Programs organized by the UN have focused on promoting equity in land ownership, but another new program helmed by the Foundation for Women Liberia believes that the country can lead change for all of Africa. The Center for Dialogue aspires to spread conversations of peace and progress across the continent.

Promoting Safe Conversations

Founded by Helen LaKelly Hunt in 2020, the Foundation for Women Liberia has been teaching dialogue and promoting Safe Conversations throughout Liberia. “As soon as dialogue training started in Liberia, it became clear that this simple yet powerful tool could transform schools and communities,” says Hunt.

“We’re honored to support the Center for Dialogue’s continued efforts to bring the language of connection and peace to the region, with the goal of reaching a tipping point of relational change throughout the nation that will expand across the continent.”

Pushing against the pressures of poverty and corruption, as well as working through the pandemic, the foundation reached schools, congregations, NGOs, and government agencies across the country.

The dialogue training behind Safe Conversations is based on the Imago Therapy process developed by Hunt alongside her husband, Harville Hendrix, PhD. Together, they also founded Quantum Connections, a company that offers methodologies for healthy connections in the workplace. The goal of the dialogue process is to empower people to speak openly and constructively, beyond criticism, judgment, and difference. This technique helps both individuals and communities connect, leading to more success in broader efforts to collaborate and promote inclusivity and peace.

Beginning a Dialogue for All of Africa

In late 2024, the Foundation for Women will launch the new Center of Dialogue in a ribbon-cutting ceremony with Liberian President Joseph N. Bokai. “The establishment of The Center for Dialogue represents a critical step toward healing and growth,” says Hendrix, “Not just for Liberia, but for the entire African continent. Through the power of dialogue, the Center is empowering individuals and communities to transform conflict into collaboration and create a new narrative for their future.” The center will be a point of connection to promote fruitful conversations and collaborations across the continent, hosting meetings and conferences built on the practices of Safe Conversations.

“The Center for Dialogue is more than just a place,” says Hunt, whose efforts helped build a founding coalition that includes partners from Kenya, South Africa, Benin, and Sierra Leone, “It’s a movement toward unity, understanding, and connecting.

By gathering individuals from all nations to learn and share, the Center fosters a culture in which dialogue becomes the bridge to overcoming divisions and building lasting peace.”

Creating the Foundation for a Global Shift

“The vision of The Center for Dialogue is to make it a beacon for learning and collaboration,” says Hendrix. “Establishing this center lays the groundwork for a global shift toward healthier and more resilient communities through profound connection.”

While this center is meant to serve as the beginning of a relational shift in Africa, it is one part of an eventual global movement that could follow.
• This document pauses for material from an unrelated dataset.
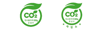 언뜻 보면 비슷해 보이지만, 오른쪽 저탄소 인증마크엔 "저탄소"라고 양쪽에 별표까지 해서 써 놓았죠. 이 표시가 있어야 저탄소 인증제품이에요!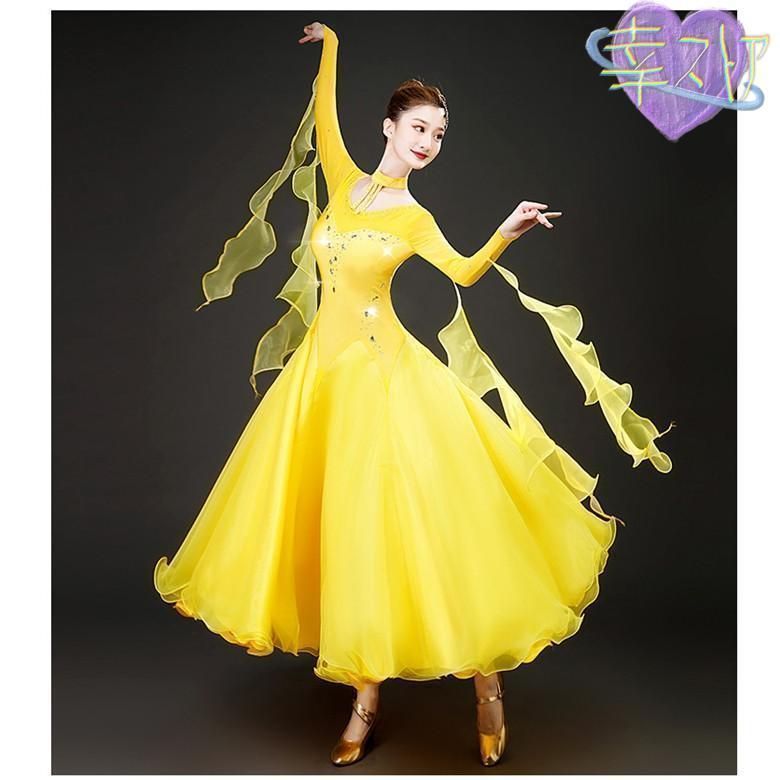社交ダンスドレス 社交ダンス モダンドレス イエロー 大きいサイズ 長袖 大きい裾 ドレス ワルツダンス ワンピースドレス ダンWP

Creating dialogues and achieving connections has been one of the greatest global challenges faced in recent history, so Hendrix and Hunt are addressing an existential human need for relational understanding.

Their goals, grounded in individual relationships, local communities, and the problems of national equity, grow naturally to international communication.

At the core of so many problems in the world is the basic need to understand and be understood, a problem for which Hendrix and Hunt have innovative solutions, represented now by the foundation of The Center for Dialogue.